The number of venture capital deals in West Africa declined by 59 per cent Year-on-Year in Q3 compared to the same period in 2022, a new report has disclosed.
The report by the African Private Capital Association (AVCA), revealed that the decrease in funding towards venture capital in the region, during the first nine months of 2023 led to a 50 per cent and 59 per cent decrease in the total deal volume and total deal value respectively over the same period in 2022.
The report added that the slowdown in West Africa is a direct consequence of the decline in venture capital investments, which has historically driven deal activity in the region.
In African region, the report revealed that, the number of venture capital deals in the continent also shrank by 36 per cent in Q3 2023 compared to the same period in 2022.
In terms of the value of investments, the report showed that African-focused fund managers generated $1.2 billion in deal value during the third quarter of 2023, which was a 16 per cent drop from the same period last year.
Contrary to the first two quarters of the year where venture capital drove down the value of investments, the report observed that the third quarter was mainly impacted by the absence of large private debt deals (deals sized above $100m).
This type of deal dominated private debt investments in Q3 2022 totaling $425 million, and accounting for 73 per cent of private debt deal values and 30 per cent of private capital deal values.
AVCA, in a statement, explained that the environment of high-interest rates and deteriorating growth continues to swirl through African markets, and it is weighing on companies’ free cash flows which is of concern to all equity and debt investors.
For instance, the company explained that Africa’s private debt deal value has decreased substantially, going from $580 million in Q3 2022 to $38 million in Q3 2023, further exhibiting the challenges faced by the asset class.
“However, it should be noted that although the number of private debt deals dipped in Q3 2023 to its lowest quarterly rate since Q1 2022, the demand for private debt since the beginning of the year stayed relatively stable (25 deals in 2023 YTD compared to 27 deals in the same period last year),” it added.

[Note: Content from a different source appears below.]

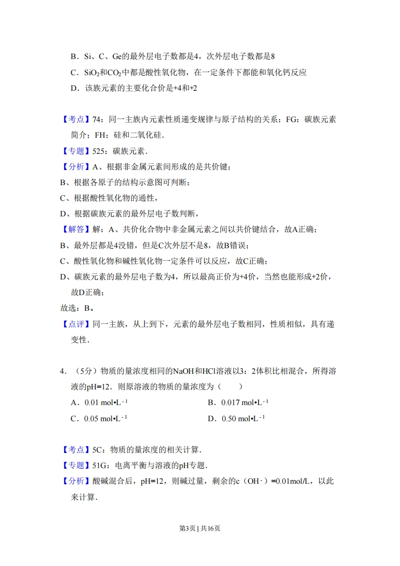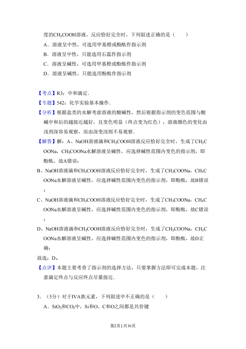 2008年全国统一高考化学试卷(全国卷Ⅱ)事考答案与试题佩折一、选择题(共8小题,每小题5分,满分40分)1.(5分)2008年北京奥运会的“祥云”火炬所用燃料的主要成分是丙烷,下列有关丙烷的叙述中不正确的是()A.分子中碳原子不在一条直线上B.光照下能够发生取代反应C.比丁烷更易液化D.是石油分馏的一种产品【考点】I3:烷烃及其命名.【专题】534:有机物的化学性质及推断.【分析】A、烷烃分子中有多个碳原子应呈锯齿形,丙烷呈角形:B、丙烷等烷烃在光照的条件下可以和氯气发生取代反应:C、烷烃中碳个数越多沸点越高:D、属于石油分馏的产物,是液化石油气的成分之一.【解答】解:A、烷烃分子中有多个碳原子应呈锯齿形,丙烷呈角形,碳原子不在一条直线上,故A正确:B、丙烷等烷烃在光照的条件下可以和氯气发生取代反应,故B正确:C、烷烃中碳个数越多沸点越高,丙烷分子中碳原子数小于丁烷,故丁烷沸点高,更易液化,故C错误:D、丙烷属于石油分馏的产物,是液化石油气的成分之一,故D正确。故选:C。【点评】本题主要考查烷的结构与性质等,难度较小,注意基础知识的积累掌握。2.(5分)实验室现有3种酸碱指示剂,其pH的变色范围如下:甲基橙:3.1~4.4、石蕊:5.0~8.0、酚酞:8.2~10.0用0.1000 mol-L-INa0H溶液滴定未知浓第1页|共16页度的CHCOOH溶液,反应恰好完全时,下列叙述正确的是()A.溶液呈中性,可选用甲基橙或酚酞作指示剂B.溶液呈中性,只能选用石蕊作指示剂C.溶液呈碱性,可选用甲基橙或酚酞作指示剂D.溶液呈碱性,只能选用酚酞作指示剂【考点】R3:中和滴定【专题】542:化学实验基本操作,【分析】根据盐类的水解考虑溶液的酸碱性,然后根据指示剂的变色范围与酸碱中和后的越接近越好,且变色明显(终点变为红色),溶液颜色的变化由浅到深容易观察,而由深变浅则不易观察,【解答】解:A、NaOH溶液滴和CHCOOH溶液反应恰好完全时,生成了CHCOONa,CH:COONa水解溶液呈碱性,应选择碱性范围内变色的指示剂,即酚酞,故A错误:B、NaOH溶液滴和CH3COOH溶液反应恰好完全时,生成了CH:COONa,CHCOON水解溶液呈碱性,应选择碱性范围内变色的指示剂,即酚酞,故B错误C、NaOH溶液滴和CHCOOH溶液反应恰好完全时,生成了CH;COONa,CHCOON水解溶液呈碱性,应选择碱性范围内变色的指示剂,即酚酞,故C错误D、NaOH溶液滴和CH,COOH溶液反应恰好完全时,生成了CHCOONa,CHCOON水解溶液呈碱性,应选择碱性范围内变色的指示剂,即酚酞,故D正确:故选:D。【点评】本题主要考查了指示剂的选择方法,只要掌握方法即可完成本题,注意滴定终点与反应终点尽量接近,3.(5分)对于VA族元素,下列叙述中不正确的是()A.SiO2和CO2中,Si和O、C和O之间都是共价键第2页|共16页B.Si、C、Ge的最外层电子数都是4,次外层电子数都是8C.SiO2和CO2中都是酸性氧化物,在一定条件下都能和氧化钙反应D.该族元素的主要化合价是+4和+2【考点】74:同一主族内元素性质递变规律与原子结构的关系:FG:碳族元素简介:FH:硅和二氧化硅,【专题】525:碳族元素【分析】A、根据非金属元素间形成的是共价键:B、根据各原子的结构示意图可判断:C、根据酸性氧化物的通性,D、根据碳族元素的最外层电子数判断,【解答】解:A、共价化合物中非金属元素之间以共价键结合,故A正确:B、最外层都是4没错,但是C次外层不是8,故B错误:C、酸性氧化物和碱性氧化物一定条件可以反应,故C正确:D、碳族元素的最外层电子数为4,所以最高正价为+4价,当然也能形成+2价,故D正确:故选:B。【点评】同一主族,从上到下,元素的最外层电子数相同,性质相似,具有递变性.4.(5分)物质的量浓度相同的NaOH和HCI溶液以3:2体积比相混合,所得溶液的pH=12.则原溶液的物质的量浓度为()A.0.01 molL-1B.0.017 mol-L-1C.0.05 mol-L-1D.0.50 mol-L-1【考点】5C:物质的量浓度的相关计算.【专题】51G:电离平衡与溶液的pH专题【分析】酸碱混合后,pH=12,则碱过量,剩余的c(OH)=0.01molL,以此来计算.第3页|共16页

The report further stated that fund managers have remained cautious since the beginning of the year, evidenced by the decline in the total deal value across all ticket sizes, adding that both deals sized below $100 million and above recorded a significant drop in the total deal value in the first nine months of 2023, compared to the year 2022.

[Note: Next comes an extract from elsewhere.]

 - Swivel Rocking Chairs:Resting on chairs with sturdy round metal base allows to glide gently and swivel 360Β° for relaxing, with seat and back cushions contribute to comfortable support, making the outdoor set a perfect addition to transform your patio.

“Both deals below $100 million and above $100 million respectively collapsed by 49 per cent and 63 per cent. This occurs for different reasons. Venture capital has influenced activity levels of deals below $100 million due to the retreat in seed and early-stage investments, in particular on deals below $10 million and those comprised between $50 million and $99 million.
“On the other side of the spectrum, the sharp decline in deals above $100 million was mainly the result of the absence of large private debt deals, which were concentrated on smaller deals below $50 million. It is also worth noting that the absence of upper-middle market private equity deals ($250mn+) and the decrease in private equity deals sized between $100 million and $250 million, contributed to the decline of deals above $100 million to a lesser extent,” it further explained.